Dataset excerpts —
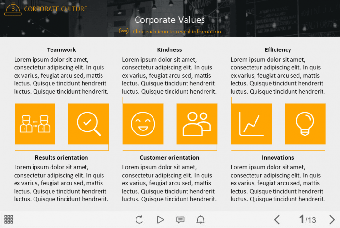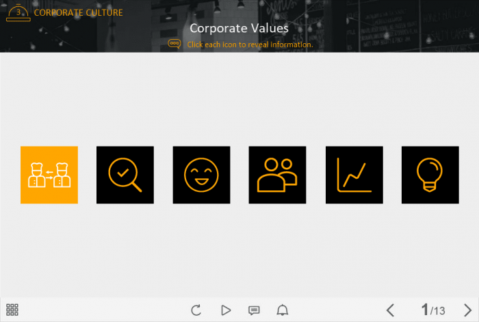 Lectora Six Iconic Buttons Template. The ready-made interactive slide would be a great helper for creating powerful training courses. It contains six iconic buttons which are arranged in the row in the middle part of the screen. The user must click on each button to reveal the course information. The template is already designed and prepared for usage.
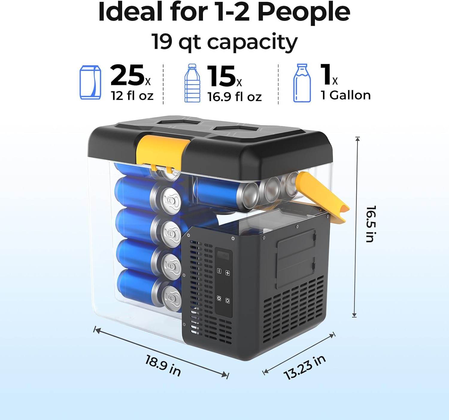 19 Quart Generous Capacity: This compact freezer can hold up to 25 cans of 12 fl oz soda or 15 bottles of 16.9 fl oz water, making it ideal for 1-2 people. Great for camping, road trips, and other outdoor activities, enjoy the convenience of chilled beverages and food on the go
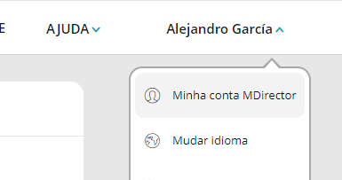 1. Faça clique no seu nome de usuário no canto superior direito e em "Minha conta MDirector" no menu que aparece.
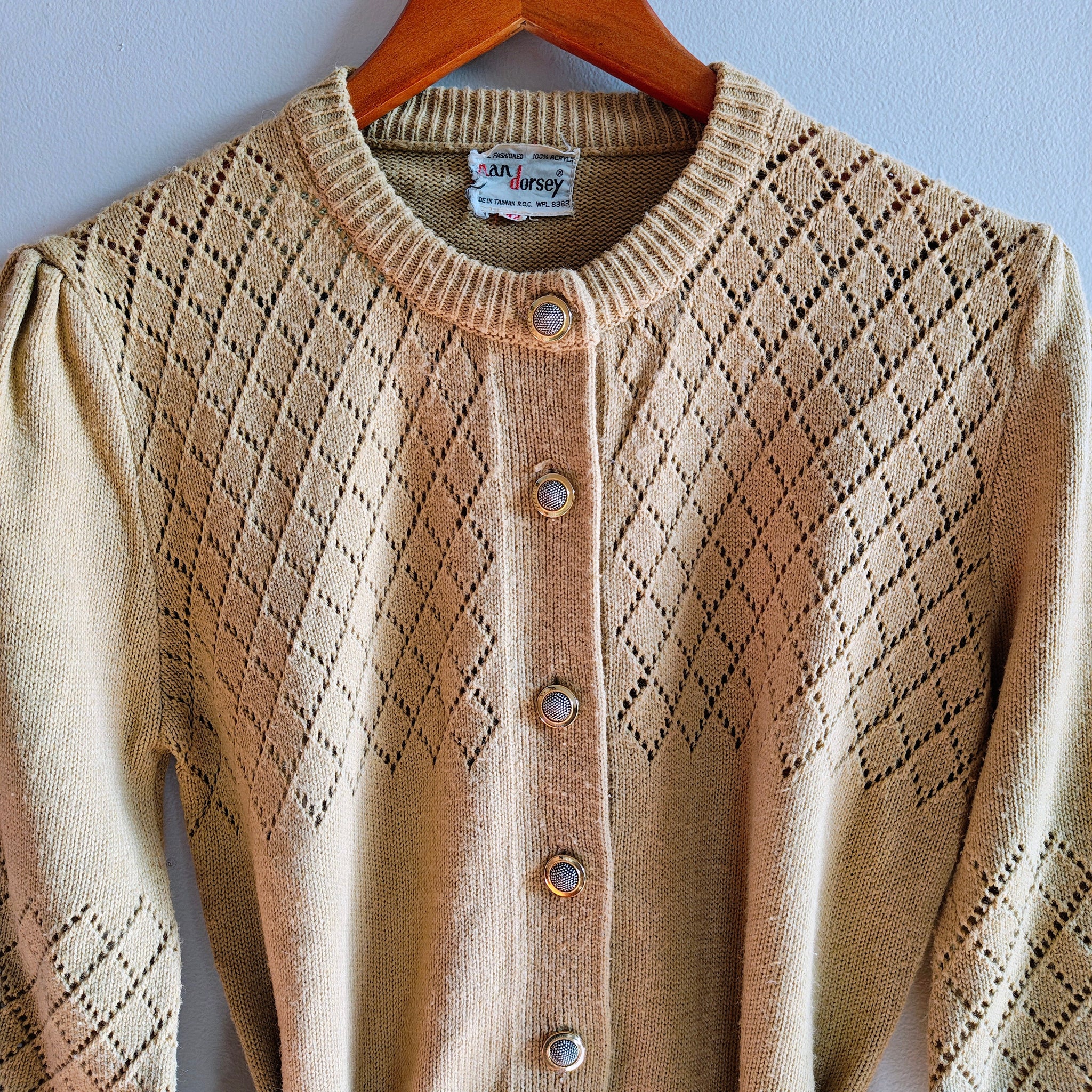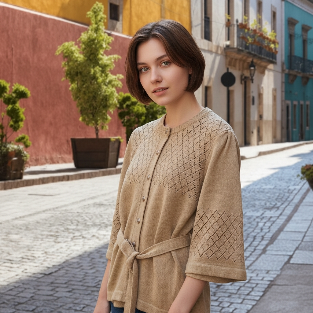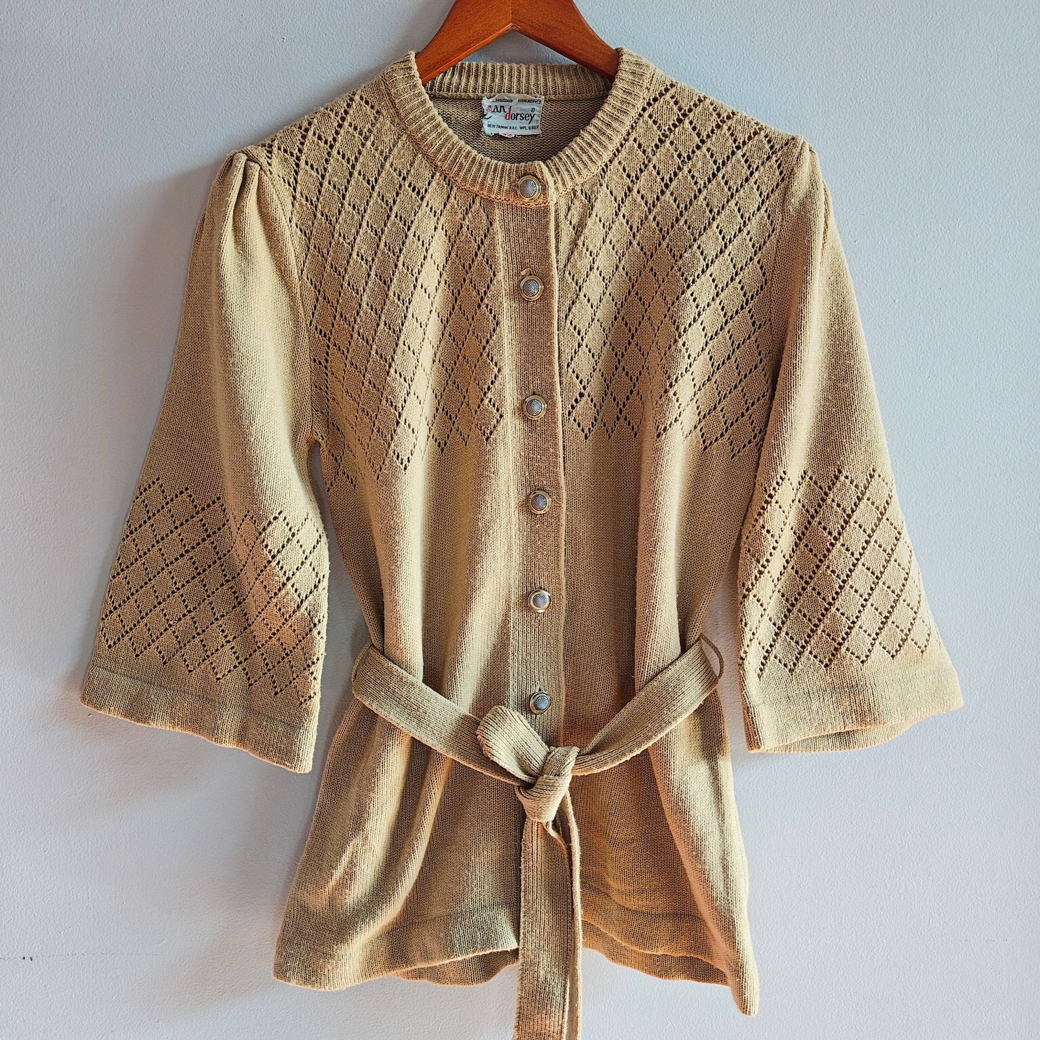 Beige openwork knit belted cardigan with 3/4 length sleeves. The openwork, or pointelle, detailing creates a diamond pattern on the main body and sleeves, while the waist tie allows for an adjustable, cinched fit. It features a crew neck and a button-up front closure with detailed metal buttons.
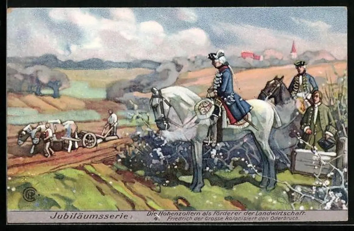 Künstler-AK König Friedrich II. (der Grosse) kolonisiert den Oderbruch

Task brief — Your answer must be an exact copy of the records above, with every picture left out.

Written solution —
 Lectora Six Iconic Buttons Template. The ready-made interactive slide would be a great helper for creating powerful training courses. It contains six iconic buttons which are arranged in the row in the middle part of the screen. The user must click on each button to reveal the course information. The template is already designed and prepared for usage.
 19 Quart Generous Capacity: This compact freezer can hold up to 25 cans of 12 fl oz soda or 15 bottles of 16.9 fl oz water, making it ideal for 1-2 people. Great for camping, road trips, and other outdoor activities, enjoy the convenience of chilled beverages and food on the go
 1. Faça clique no seu nome de usuário no canto superior direito e em "Minha conta MDirector" no menu que aparece.
 Beige openwork knit belted cardigan with 3/4 length sleeves. The openwork, or pointelle, detailing creates a diamond pattern on the main body and sleeves, while the waist tie allows for an adjustable, cinched fit. It features a crew neck and a button-up front closure with detailed metal buttons.
 Künstler-AK König Friedrich II. (der Grosse) kolonisiert den Oderbruch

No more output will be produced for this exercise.